The current in a circuit at time #t \ s# is given by the solution of the Differential Equation #(dI)/dt+4I=20#. Find the solution given that #I=2 \ A# when #t=0#, and find the time taken to reach half the steady state solution?

1 Answer
May 4, 2017

The solution is:

# I(t) = 5-3e^(-4t) #

The steady state value is given by #I=5#, and it takes #0.046 # (time units) (2sf) to reach half this value.
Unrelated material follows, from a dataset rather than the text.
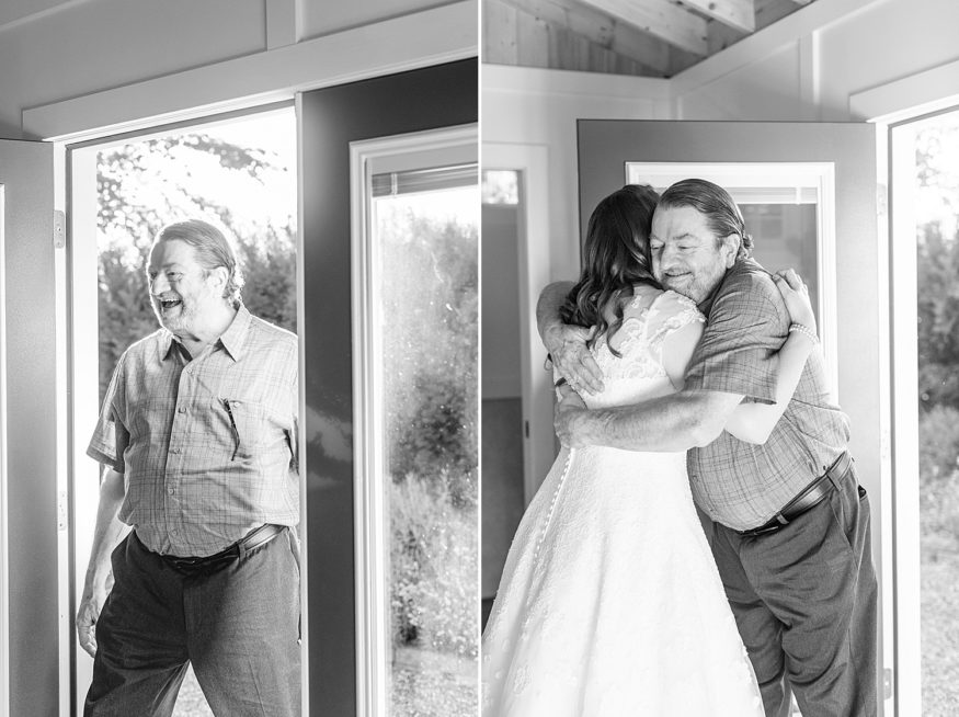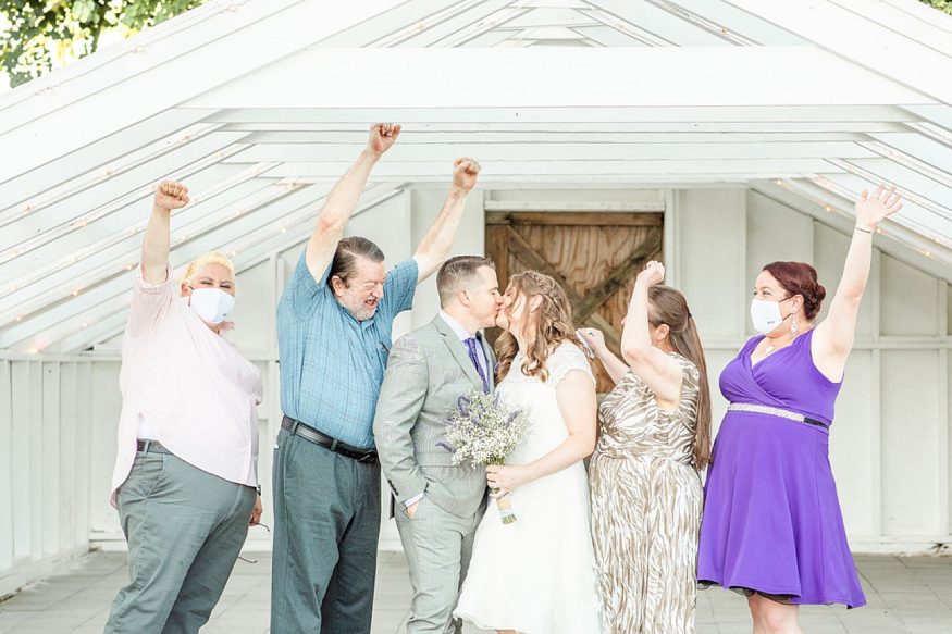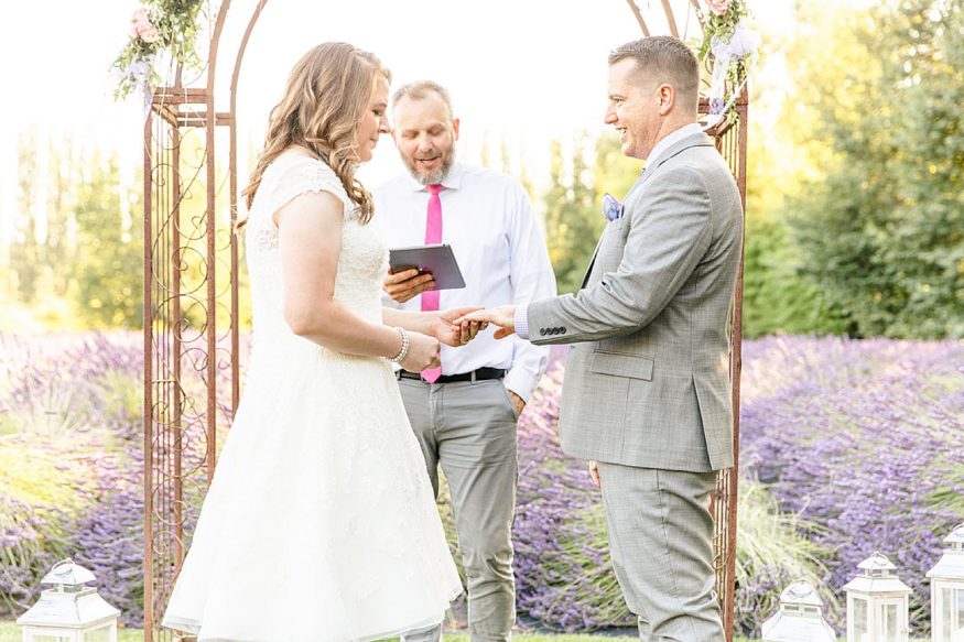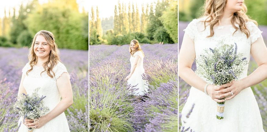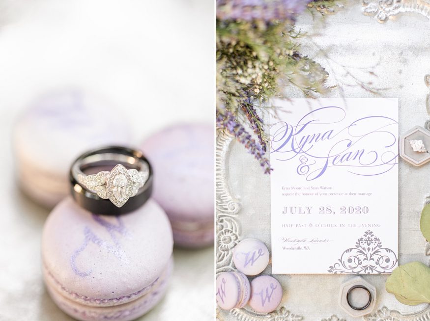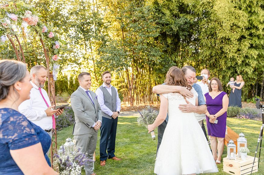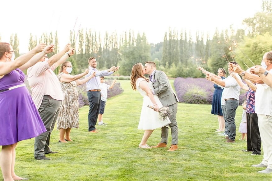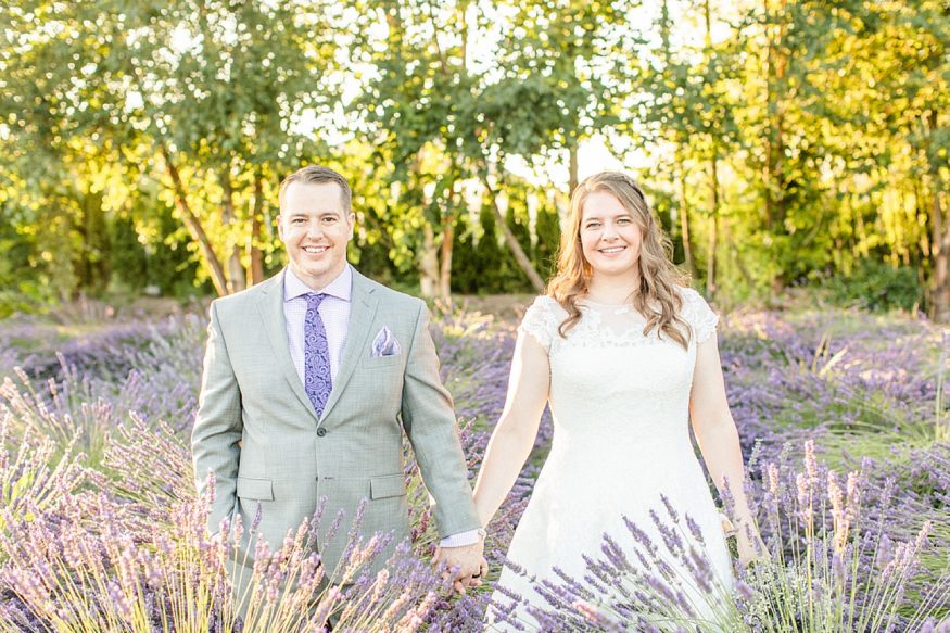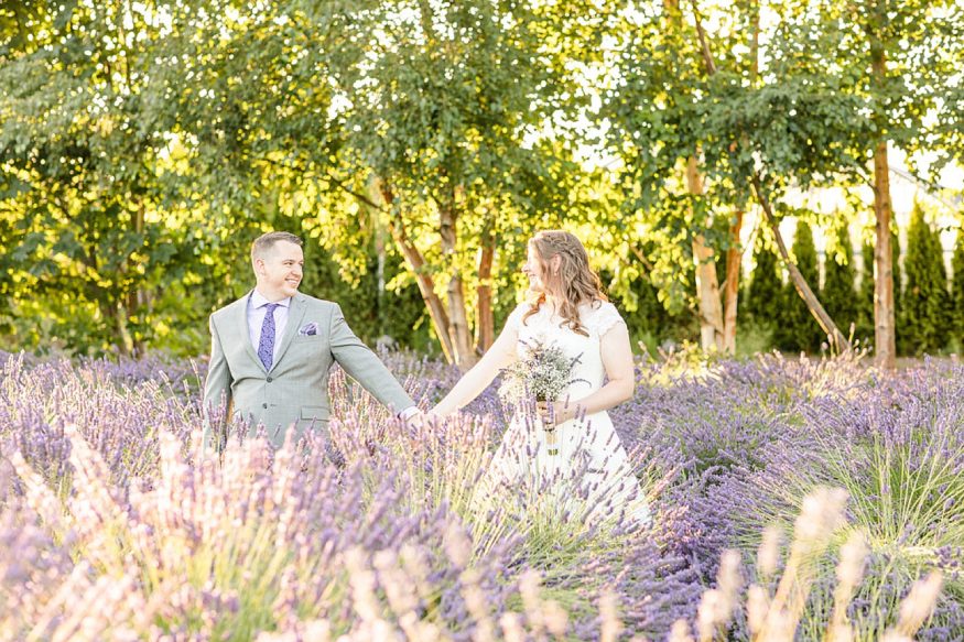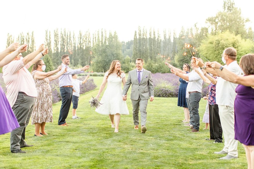 A: We were originally planning for a medium size wedding in September (September 19th). We had invitations printed but had not sent them out yet when COVID hit. We, along with a lot of other couples got stuck with the dilemma of what to do. We waited until May when Washington State was supposed to get to stage 3 of a 5 stage reopening plan and our Governor ended up extending our stage 1 time. We had a really hard week of discussions about whether we wanted to continue to play the wait and see game, or if we wanted to make the decision to postpone.That week we decided to postpone, mostly due to (Kyna) having out of state family that would not have been able to travel even if Washington State had been in a better phase by September. When we made the decision to postpone though, we knew we still wanted to be legally married this year.I (Kyna) have severe arthritis in one hip and need to have a hip replacement done. We are both very outdoorsy and love to hike and my arthritis is starting to hinder my ability to participate in the activity that brought us together (more about that later). We already had a timeframe for surgery in mind and I also need surgery before we can start having kids. While we know that COVID is a big deal and is breaking some families apart, we felt it was important for us to bring our families together through us still getting married this year!I have been friends with the Woodinville Lavender owners son and daughter in law since high school. So I’ve attended over a dozen weddings, baby showers and church events at the Lavender Farm over the years. I had always dreamed of getting married there. Purple is my favorite color and I LOVE the smell of lavender, it’s so calming and comforting. The Lavender Farm normally books out weddings several years in advance for the summer season. It’s not a venue that you can normally get in to if you want to host a wedding with only a couple months advance notice. BUT, because we were just looking to have our immediate families in attendance, we knew we could pull off a mid-week ceremony. I contacted Tom and we were able to find a date that would work for our family’s, photographer and the Lavender Farm. I would get the Lavender wedding of my dreams after all! Because Lavender only blooms in the summer, and with the option to host our mini ceremony at the Lavender Farm, we actually pulled up our wedding date from September to July 28th. After we settled on the Lavender Farm for our minimony ceremony, lavender definitely became the theme/style and color palette. For our brunch reception our theme and color palette was white and gold. We did a reverse wedding day and decided because COVID is making the world unpredictable, we should eat the cake first! Kidding (Kind-of)! Due to logistics of the Lavender Farm and the timeline for golden hour photos, we actually decided to host a brunch reception at Sean’s parents’ house that morning (complete with cake cutting) and then we had an evening ceremony at the lavender farm.

The units are not defined in the question

Explanation:

We have:

# (dI)/dt+4I=20 \ \ \ \ ...... [1]#

We can use an integrating factor when we have a First Order Linear non-homogeneous Ordinary Differential Equation of the form;

# dy/dx + P(x)y=Q(x) #

Then the integrating factor is given by;

# IF = e^(int P(x) dx) #
# " " = exp(int \ 4 \ dt) #
# " " = exp( 4t ) #
# " " = e^(4t) #

And if we multiply the DE [1] by this Integrating Factor, #IF#, we will have a perfect product differential;

# (dI)/dt+4I=20 #

# :. e^(4t)(dI)/dt+4I e^(4t)=20e^(4t) #

# :. d/dt {e^(4t) I} = 20e^(4t) #

Which we can directly integrate to get:

# int \ d/dt {e^(4t) I} \ dt = int \ 20e^(4t) \ dt#
# :. e^(4t) I = int \ 20e^(4t) \ dt#
# :. e^(4t) I = 5e^(4t) + C#
# :. I = 5 + Ce^(-4t)#

Applying the initial condition, #I(0)=2#, we get:

# 2 = 5 + Ce^(0) => C=-3#

Thus the solution is:

# I(t) = 5-3e^(-4t) #

For the steady state solution we look at:

# lim_(t rarr oo) I(t) = lim_(t rarr oo) {5-3e^(-4t)} #
# " " = lim_(t rarr oo) 5-3lim_(t rarr oo)e^(-4t) #
# " " = 5-3lim_(t rarr oo)e^(-4t) #
# " " = 5 #

So to find the time taken to reach half the steady state solution, we require the value of #t# such that:

# I(t)=5/2 => 5-3e^(-4t) = 5/2 #

# :. 3e^(-4t) = 5/2 #
# :. e^(-4t) = 5/6 #
# :. -4t = ln(5/6) #

# :. t = -1/4ln(5/6) #
# " " = -1/4ln(5/6) #
# " " = 0.045580 ... #
# " " = 0.046 # (2sf)